Apriori Association Mining

The market basket technique first involves transforming the data from whatever form into a formal transaction register so that the associated packages can search it for patterns in buying habits. If it happens often that a customer purchasing the set of items on the “left” side of a certain relation implies they also bought the item on the “right” side, we want to quantify the strength of that relation. For example,

{NVIDIA GTX 1090, ROC 32” Gaming Monitor} => {Shadow of the Tomb Raider}

is a hypothetical pattern in which a very graphically demanding game is purchased along with two high-end PC gaming-related items. The Apriori algorithm can quantify important metrics related to transactions that included these items. One is support, which is a measure of how often this set of items actually occurred. Another is confidence, which is how likely Tomb Raider’s appearance is in sets containing the graphics card and monitor. Another is Lift, which is a measure of how much the confidence for this rule exceeds expectations. We can decide on what thresholds are appropriate using analysis and visualization, and then make recommendations for targeted marketing based on the results.¹

Data Preparation

This dataset was proprietary to my graduate school and as such a public link to the source is not available. 

#import dataset
data <- read.csv("*/teleco_market_basket.csv",na.strings=c(""," "),sep = ',')
#investigate structure
str(data)
## 'data.frame':    15002 obs. of  20 variables:
##  $ Item01: chr  NA "Logitech M510 Wireless mouse" NA "Apple Lightning to Digital AV Adapter" ...
##  $ Item02: chr  NA "HP 63 Ink" NA "TP-Link AC1750 Smart WiFi Router" ...
##  $ Item03: chr  NA "HP 65 ink" NA "Apple Pencil" ...
##  $ Item04: chr  NA "nonda USB C to USB Adapter" NA NA ...
##  $ Item05: chr  NA "10ft iPHone Charger Cable" NA NA ...
##  $ Item06: chr  NA "HP 902XL ink" NA NA ...
##  $ Item07: chr  NA "Creative Pebble 2.0 Speakers" NA NA ...
##  $ Item08: chr  NA "Cleaning Gel Universal Dust Cleaner" NA NA ...
##  $ Item09: chr  NA "Micro Center 32GB Memory card" NA NA ...
##  $ Item10: chr  NA "YUNSONG 3pack 6ft Nylon Lightning Cable" NA NA ...
##  $ Item11: chr  NA "TopMate C5 Laptop Cooler pad" NA NA ...
##  $ Item12: chr  NA "Apple USB-C Charger cable" NA NA ...
##  $ Item13: chr  NA "HyperX Cloud Stinger Headset" NA NA ...
##  $ Item14: chr  NA "TONOR USB Gaming Microphone" NA NA ...
##  $ Item15: chr  NA "Dust-Off Compressed Gas 2 pack" NA NA ...
##  $ Item16: chr  NA "3A USB Type C Cable 3 pack 6FT" NA NA ...
##  $ Item17: chr  NA "HOVAMP iPhone charger" NA NA ...
##  $ Item18: chr  NA "SanDisk Ultra 128GB card" NA NA ...
##  $ Item19: chr  NA "FEEL2NICE 5 pack 10ft Lighning cable" NA NA ...
##  $ Item20: chr  NA "FEIYOLD Blue light Blocking Glasses" NA NA ...

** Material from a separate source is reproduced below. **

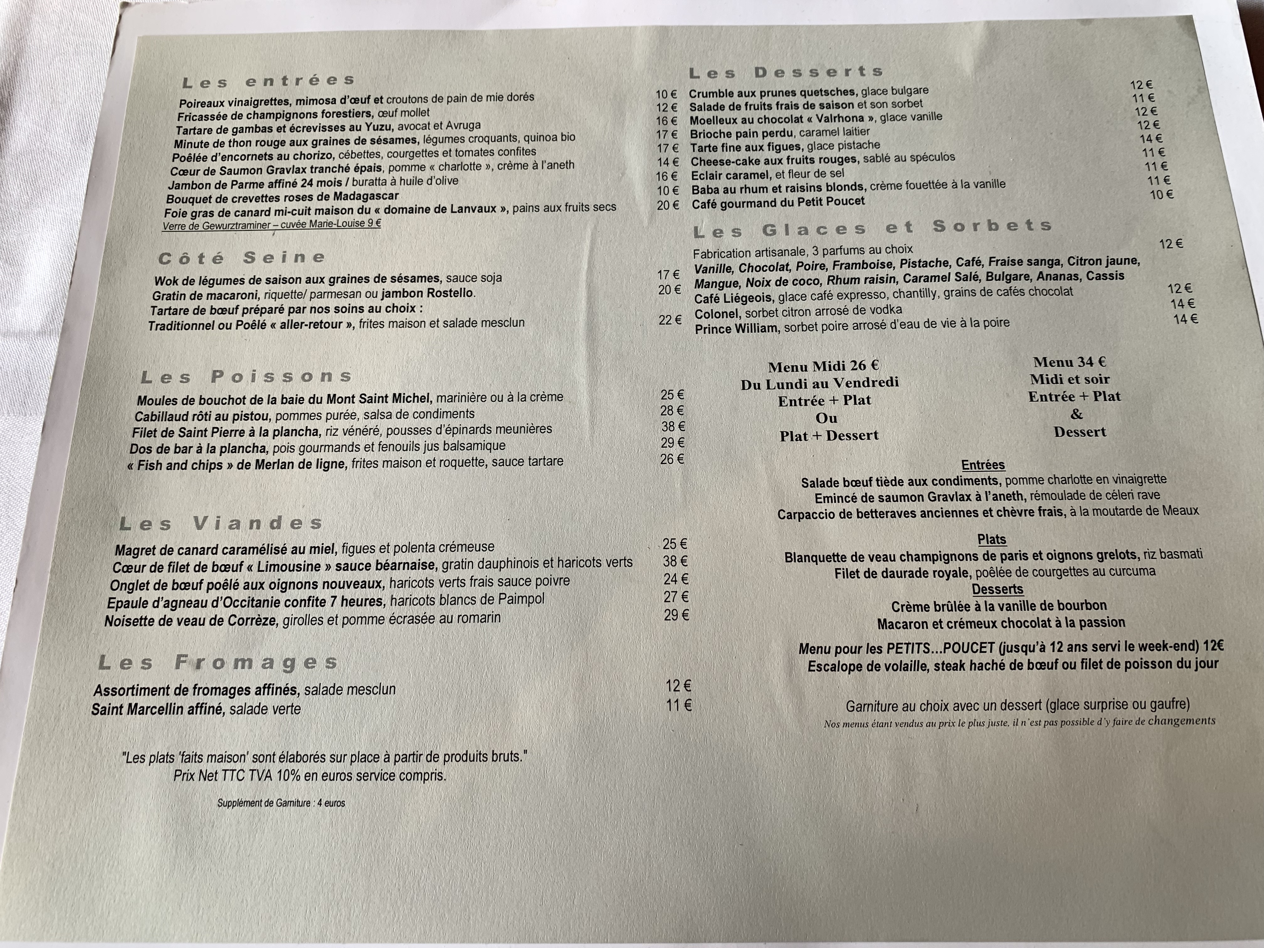 Pas beaucoup de choix dans le menu seulement 2 choix pour commencer et également pour le plat.

15002 records are present. It would appear that the raw data is formatted in such a way that up to 20 items may be recorded in a transaction, with each of the items forming a column and any transactions with less than 20 items recording blank space for the missing ones. It is also apparent that every other column is blank. We need to format the data in a particular way in order to code it as an apriori transaction database.

#delete blank rows
data <- data[seq(2, nrow(data), 2),]
#create two-column dataframe with items attached to each transaction
t <- data.frame(tid=rep(1:nrow(data),20))
t$item <- unlist(data)
t <- na.omit(t)[order(na.omit(t)$tid),]
#send dataframe file
write.csv(t,"*/transaction_frame.csv")

The set is now prepared for the creation of a transaction register with the help of the arules package. Along with this, the accompanying arulesViz package is loaded for later analysis.

#load package
suppressMessages(library(arules))
suppressMessages(library(arulesViz))
#create transaction object
t_list <- split(t$item,t$tid)
trx <- as(t_list,"transactions")
## Warning in asMethod(object): removing duplicated items in transactions
#verify second transaction from B2
inspect(trx[2])
##     items                                    transactionID
## [1] {Apple Lightning to Digital AV Adapter,               
##      Apple Pencil,                                        
##      TP-Link AC1750 Smart WiFi Router}                   2

With the last command, it's evident by comparison to the original dataframe that the integrity of transactions has been maintained in this transformation.

Analysis

Apriori is employed here with two parameters set in advance, though there are methods to programmatically search for optimal values: minimum support threshold and minimum confidence threshold. These control the number and quality of rules, or patterns, that we can use as insights on shopping behavior. Naturally, it isn't ideal to have many rules that cannot be trusted nor to have a much smaller number of dependable shopping patterns than the size of our enterprise data should allow. There aren't established rules concerning what these parameters should be, but below I'll present an entry-level thought process. 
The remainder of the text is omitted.